Voicing my insecurities

Learning to stop disliking my own voice

Meggie Chen


I’ve always been so used to hearing my own voice, the intricacies and nuances in my inflection and how my laugh sounded, according to my friends, like a braying seal, that I never really thought about how I sounded to others. I guess I always assumed that others heard me the same way I heard myself, and I’d never had any reason to think otherwise. Then middle school rolled around, and I had to film a video for a class. It was the first time I’d heard my voice played back to me, as if I was talking to myself. And let me tell you: I was mortified. 

My voice sounded nasally, higher even. And it had that sneering little up tone at the end of each phrase that I’d always associated with annoying know-it-alls in movies. If I wasn’t watching my own mouth move on the screen, I would have believed that this was a completely different person. I cringed with every piercing laugh and sank deeper into my seat as I wondered whether this was how the rest of the world saw me. By the end of the video, I felt ready to renounce my life and live out the rest of my time as a wizened old hermit in the mountains if it meant no one would have to ever hear my voice again.

It sounds so silly that something so simple could have had such a significant impact, but I truly felt like my world had tilted on its axis. People often tell me that their first impression of me was my voice rather than how I looked, and I was forced to look back and wonder whether those impressions were good or bad. I loathed how I sounded. I found myself reevaluating all the exchanges I’d had with my friends before, worried that I’d been perceived as irritating or a nuisance.

As a result, I became more conscious about how I spoke. Whenever I could, I actively tried to tamp down on the wild way I tended to speak — I talked quieter, laughed less and maintained a sense of calm to combat the frantic energy I heard when I listened to my voice recordings. There were times when I reverted to my previous tendencies, and when I realized afterward, I would wince and promise I’d watch myself next time. In the long run, I even began to talk less. Constantly worried about how I sounded and presented myself, at times, it just became easier to not speak at all.

Then I got to high school and joined El Estoque, and suddenly I was tossed into an environment where all the interviews I conducted were required to be recorded or filmed. Every time I would write or edit a story, I needed to listen to the interview over and over. It was a trying experience at first. While I was listening to the recordings, I’d move the slider of the audio to right after the questions I asked in order to avoid hearing my own voice.

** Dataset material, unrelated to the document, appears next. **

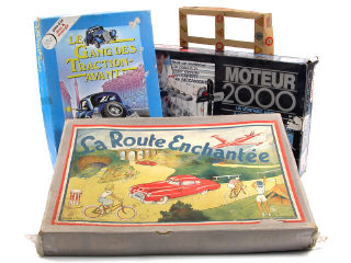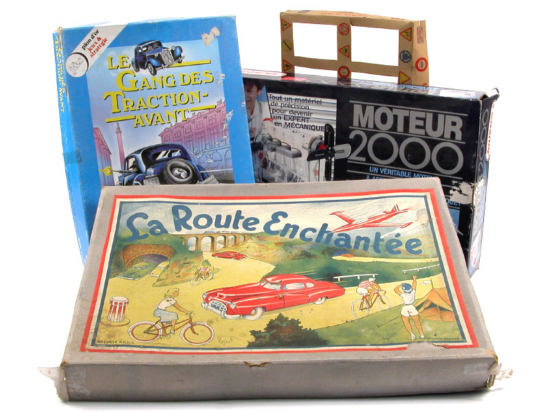 états de 'C' à 'D' - les boîtes sont de 'c' à 'd' - comprend : 'LE GANG DES TRACTION-AVANT', 'LA ROUTE ENCHANTEE', 'MOTEUR 2000' & 'SUR LA ROUTE - LE CODE PAR L'IMAGE' - on y retrouve notamment les marques : JOUSTRA, INTERNATIONAL TEAM FRANCE & EDITION TELE-CODE - avec manques

But as time went on, I got tired of trying to find that specific moment I stopped talking, and I started to listen to the tail end of the questions I asked. That tail end grew into half the question, then the entire question and finally made its way to the whole interview. And as the time I spent listening to my own voice grew, the more comfortable I became hearing it. I still didn’t like it, but it didn’t make me want to crawl into a hole and pass out like before. There wasn’t any sudden moment of enlightenment, but a couple of weeks ago, as I listened through the audio of a video story I had filmed, I found that I wasn’t repulsed by my own voice anymore. It was as if through some sort of gradual exposure therapy, my voice had become tolerable.

I’ll be honest, I still don’t love my voice. I still prefer performing live for presentations as opposed to filming them. I still think I sound like the slightly more annoying, louder version of Mickey Mouse. But I’ve learned to live with that. Because at least now, I don’t spend as much time playing back the tone in which I spoke, or regretting the fact that I laughed too loudly that one time my friend made a bad dad joke. So yes, I may not have figured everything out, and that’s OK. Learning to accept my insecurities is a learning process, and I have no doubt that as life continues, I’ll also continue to become more accepting of how I sound.